Focus Korea: Bong Joon-ho

Bong Joon-HoThe gripping films of Korean enfant terrible Bong Joon-ho (b. 1969) offer engaging and intense reinventions of popular genres. His four feature films are animated by a flair for dramatic cinematic storytelling and sharp yet subtle commentary on the historical and political complexities of present-day Korean society.

Bong’s singular talent lies in his ability to interweave multiple narrative strands, a wide range of memorable characters, and a dramatic spectrum of moods, from elegiac to terrifying to charming. Bong’s dark crime stories offer him the broadest range to fully sound the depths of his open-ended characters – and, by extension, the Korean nation. Ultimately, his work presents a cynical view of human nature, with the bonds of family, community and friendship constantly broken by cruelty, apathy and hypocrisy. Bong’s seemingly straightforward narratives are shadowed by strange enigmas, not so much over what is happening but in what the events ultimately mean. One is never certain whether his characters should be understood as heroic, tragic, grotesque or comic, an unsettling ambiguity that lends Bong’s films their haunting emotional depths. (Harvard Film Archive)

After completing only three feature films, writer and director Bong Joon-ho’s undeniable talent pushed him to the forefront of the Korean film industry.
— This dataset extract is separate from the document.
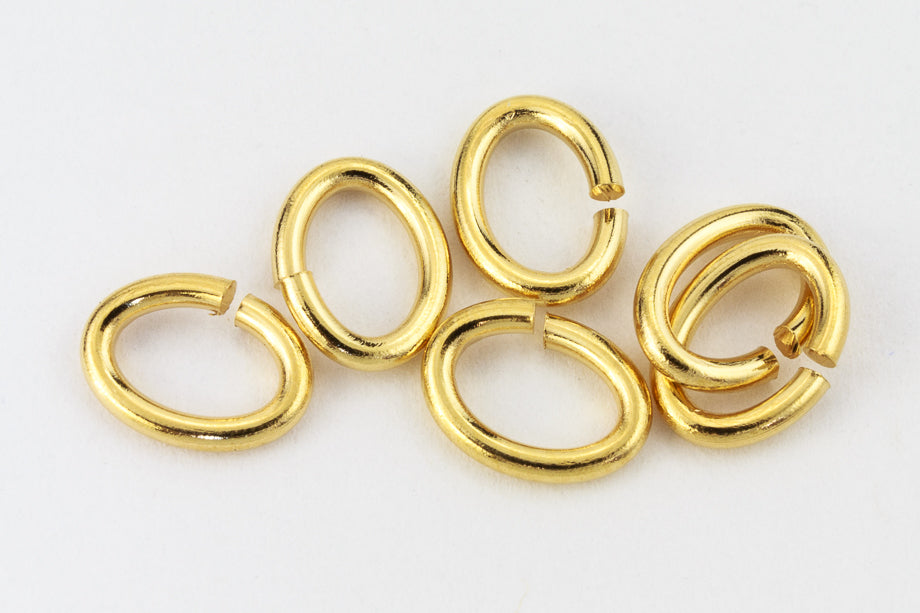 2mm x 3mm lead and cadmium free brass oval jump rings with gold color plating.

Barking Dogs Never Bite (2000), part black comedy and part social satire, indicated the arrival of a unique sensibility. Memories of Murder (2003) was a gripping thriller about a series of unsolved murders in the 1980s. The Host (2006) followed a family as they dealt with a monster that rose from the Han River in the middle of Seoul.

The films of Bong Joon-ho regularly, and brilliantly, break with convention, thanks to an imagination that is not confined to the accepted parameters of humor, suspense, or horror. Bong Joon-ho remains a director of intimacy even as he puts himself in the public eye, and despite holding the Korean box office admissions record (with 13 million ticket sales for The Host), he chose to examine the simple figure of the mother for his latest film. Mother (2009) dissolves Korean social realism and family drama in a vat of larger-than-life imagination. Bong turns his camera on a figure well known to all, once again exploring it through unexpected cinematic aspects.